Imagine a drone. Can you imagine a drone? An unmanned aerial killing machine? I will try. I read that they sound like lawnmowers. Here I am in my driveway, listening, and—yes—I can hear a distant lawnmower. What if I knew that that aerial lawnmower could at any moment blow up my house? What if in trying to blow up my house it blew up Nan’s house, killing the chickens, killing both her and Raymond?

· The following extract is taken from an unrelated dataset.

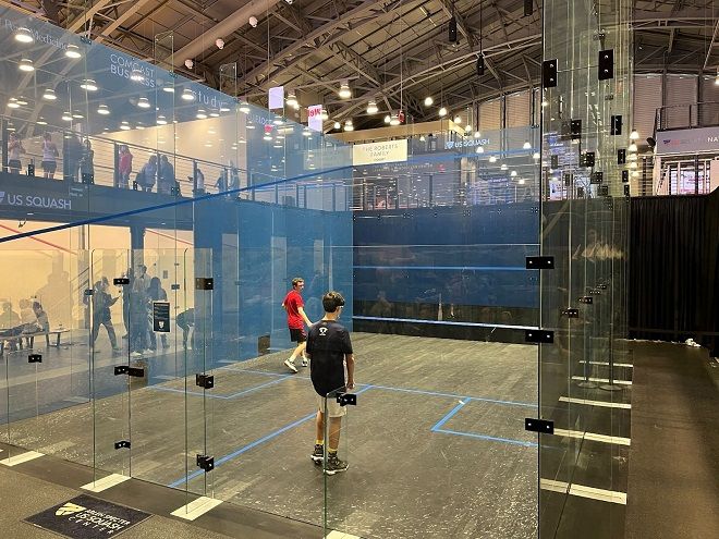 Eighth grader Matteo DelPrete plays center court at Arlen Specter U.S. Squash Center in Philadelphia

Tim told me he’s going to write a book about drones. A few years ago he went to the Hannah Arendt conference at Bard College, where a man from Atlanta gave a talk on robot warfare and how it was inevitable, and how very soon drones would have software that incorporated the rules of warfare so that onboard drone computers could decide, using either-or algorithms, whether a target was legitimate and whether a missile attack would result in an acceptably low number of civilian casualties. Then the drones would not need any human operators living in Syracuse or Nevada. No human person would ever have to push a button to fire a drone missile. Everything would be preprogrammed and hands-free and guilt-free. Tim came back from the Bard conference very upset, and he began making notes for his drone meditation. Will Tim’s book do anything at all to stop targeted killing? Possibly. Probably not. I have no faith in books to stop anything. You need something more than a book. If I wrote a poem against drones, would that help? Not a chance. You need more than words. You need shouting. You need crowds of people sitting down in the road. You need audible outrage.